Column-wise implementation

  • select/2, drop/2, and filter/2 delegate to the native compute kernels (ExArrow.Compute) and work for all Arrow types ExArrow supports.
  • take/2 builds a boolean mask and filters through ExArrow.Compute.filter/2, so it also works for all Arrow types ExArrow supports.
  • rename/2 rebuilds a batch from raw column buffers. The buffer-extraction NIF supports the fixed-width numeric and boolean types (s8s64, u8u64, f32, f64, bool). Columns of other types (utf8, binary, timestamps, dates, durations) return {:error, "unsupported column type..."}. For workloads that need to rename string columns, round-trip through ExArrow.Explorer (which exposes its own rename) or project to a numeric-only batch first.

Schema and metadata preservation

Field order, field types, and nullability are preserved across select/2, drop/2, and filter/2. rename/2 preserves types and order, changing only the field names supplied in the mapping. Arrow schema metadata is not currently exposed by the NIF layer and is therefore not modified.

Examples

{:ok, stream} = ExArrow.Stream.from_parquet("/data/events.parquet")
batch = ExArrow.Stream.next(stream)

{:ok, slim}    = ExArrow.Batch.select(batch, ["user_id", "score"])
{:ok, renamed} = ExArrow.Batch.rename(slim, %{"user_id" => "id"})
{:ok, top10}   = ExArrow.Batch.take(renamed, 10)

Summary

Functions

Return a batch with columns removed.

Filter rows of batch using the first (boolean) column of predicate_batch.

Rename one or more columns of batch.

Return the ExArrow.Schema handle for batch.

Project a subset of columns from batch by name.

Select a subset of rows.

Functions

drop(batch, columns)

@spec drop(ExArrow.RecordBatch.t(), [String.t()]) ::
  {:ok, ExArrow.RecordBatch.t()} | {:error, String.t()}

Return a batch with columns removed.

All remaining columns keep their original relative order.

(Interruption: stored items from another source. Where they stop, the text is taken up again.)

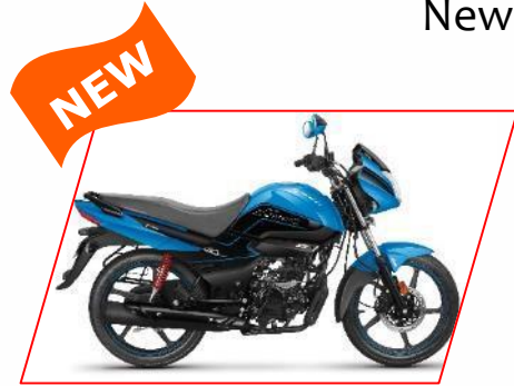
• Diamond Frame with Optimized Weight Distribution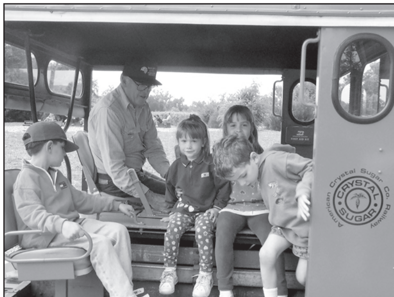
Inspection car rides are only offered on Depot Day.

The auction is a very important source of financial support for the museum. Please help by visiting the tables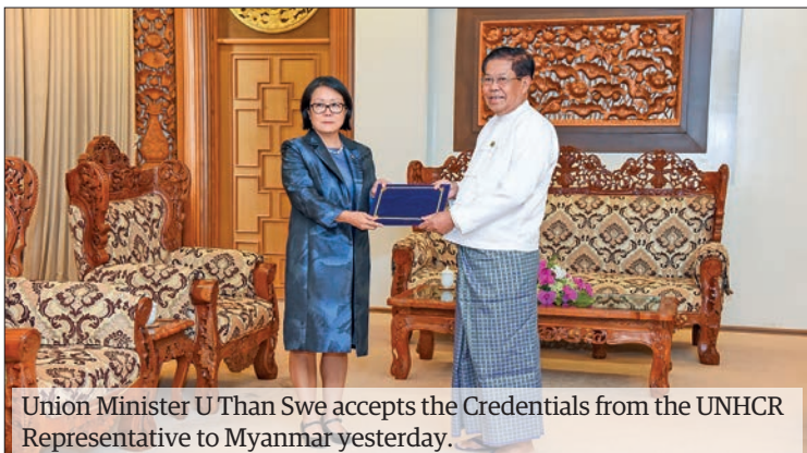
Union Minister U Than Swe accepts the Credentials from the UNHCR Representative to Myanmar yesterday.

Also present at the meeting were senior officials of the Ministry of Foreign Affairs. — MNA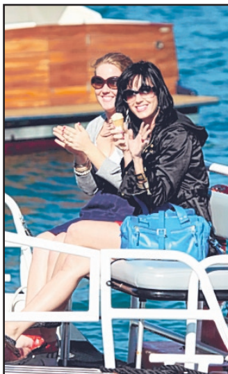
Sun-kissed: Katy Perry — with a girl, of course — likes it in Sydney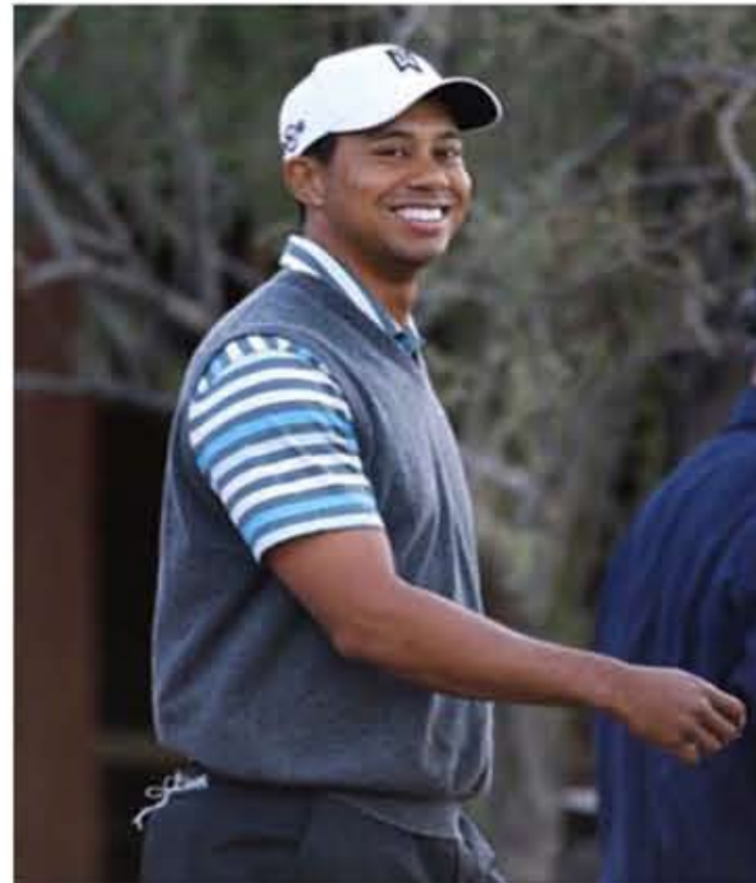
Tiger Woods, Worlds number 1 golfer readies for comeback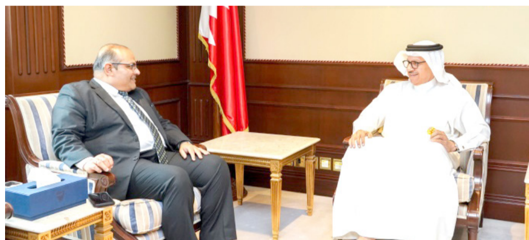
Foreign Minister Dr Abdellatif bin Rashid Al Zayani received Indian Ambassador to Bahrain Piyush Srivastava. The meeting discussed strong historical ties binding the two friendly countries, which are based on mutual respect. They reviewed ways of bolstering bilateral relations and cooperation and discussed topics of common interest.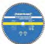
Value Turbowave 230mm Blade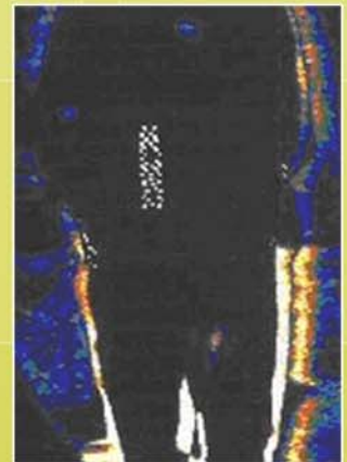
Previous image elaboration enhancing the presence of metallic objects.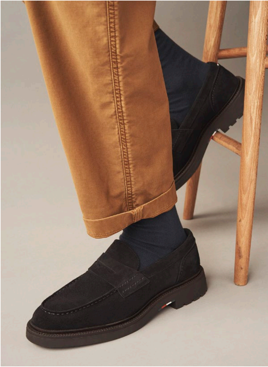
05 CHUNKY SUEDE LOAFER Black

Delegates to ExArrow.Compute.project/2 over the complement of columns.

Returns {:ok, batch} or {:error, message}.

Examples

{:ok, rest} = ExArrow.Batch.drop(batch, ["internal_flag", "debug"])

# Dropping an unknown column is an error.
{:error, _} = ExArrow.Batch.drop(batch, ["no_such_column"])

filter(batch, predicate)

@spec filter(ExArrow.RecordBatch.t(), ExArrow.RecordBatch.t()) ::
  {:ok, ExArrow.RecordBatch.t()} | {:error, String.t()}

Filter rows of batch using the first (boolean) column of predicate_batch.

Delegates directly to ExArrow.Compute.filter/2. Rows where the predicate is true are kept; rows where it is false or null are dropped. The predicate's first column must be a boolean Arrow array with the same row count as batch.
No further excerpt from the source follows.